Claim: CRISPR is promising but outpacing safe regulation. Evidence: off-target edits (against unrestricted use), regulatory lag (against current deployment). Conclusion: caution is warranted despite the promise. A weaken question here would target something that reduces the off-target risk or speeds up regulation, since that's the specific tension the passage builds.
Claim: dark matter's status is genuinely contested. Evidence: indirect inference only (limiting), alternative gravity-based explanation (against the standard view). Conclusion: the passage stays neutral between two live interpretations. A question about the author's "tone" should land on measured or skeptical, never confident or dismissive of either side.
Run this same drill on your next mock the moment a science passage appears. Our RC elimination masterclass pairs well with this method for the questions where two options both sound plausible after you've extracted the argument correctly.

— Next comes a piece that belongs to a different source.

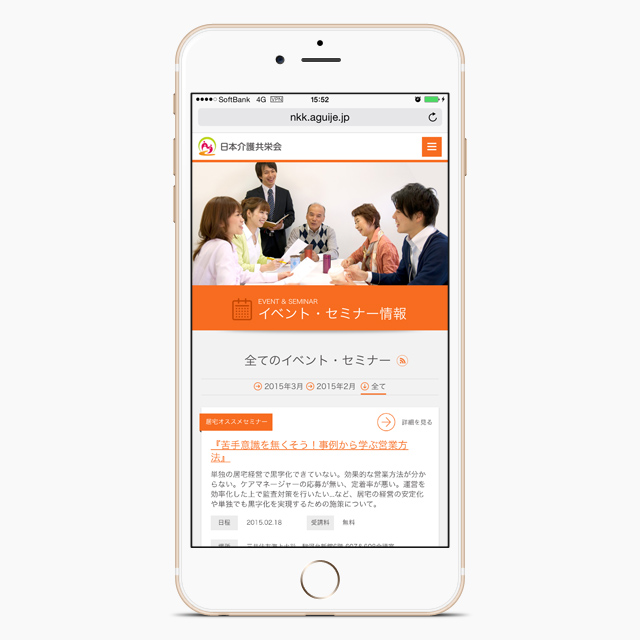 PC/SPでのレスポンシブ設計。またWordpressを実装しイベントスケジュールや活動報告ブログなどを管理運営しています。デザイン面に関しましては、既存のロゴからサイトカラーを決定し「介護に携わる人たちのイキイキ」感を意識しつつ制作しております。

The bigger shift here isn't really about science passages. It's about trusting that RC, at every genre, rewards the same skill: tracing an argument accurately under time pressure. Our VARC 75-to-90 guide breaks down how that skill compounds across genres once you stop treating each new topic as a fresh crisis. If philosophy and abstract passages are your other pain point, the companion piece on reading philosophy RC passages uses the same underlying logic, adapted for arguments built on negation instead of data.
Practice this on real CAT-style passages, not just this article's examples. Our CAT exam hub has section-wise guides to pair with a mock schedule, and the CAT score predictor can show how a stronger, steadier VARC score shifts your overall percentile once the panic reaction is gone.
The bottom line
- CAT science and technology RC passages never test subject knowledge. They test whether you can trace an argument.
- Extract three things from any such passage: the claim, the evidence tagged for or against it, and the conclusion.
- Unfamiliar terms are labels, not mysteries. Track what a term does in the argument, not what it means in a textbook.
- Outside expertise can backfire if it makes you argue with the passage instead of reading it.
- Science and technology is a high-frequency CAT genre. Treat it as a practiced category, not a surprise.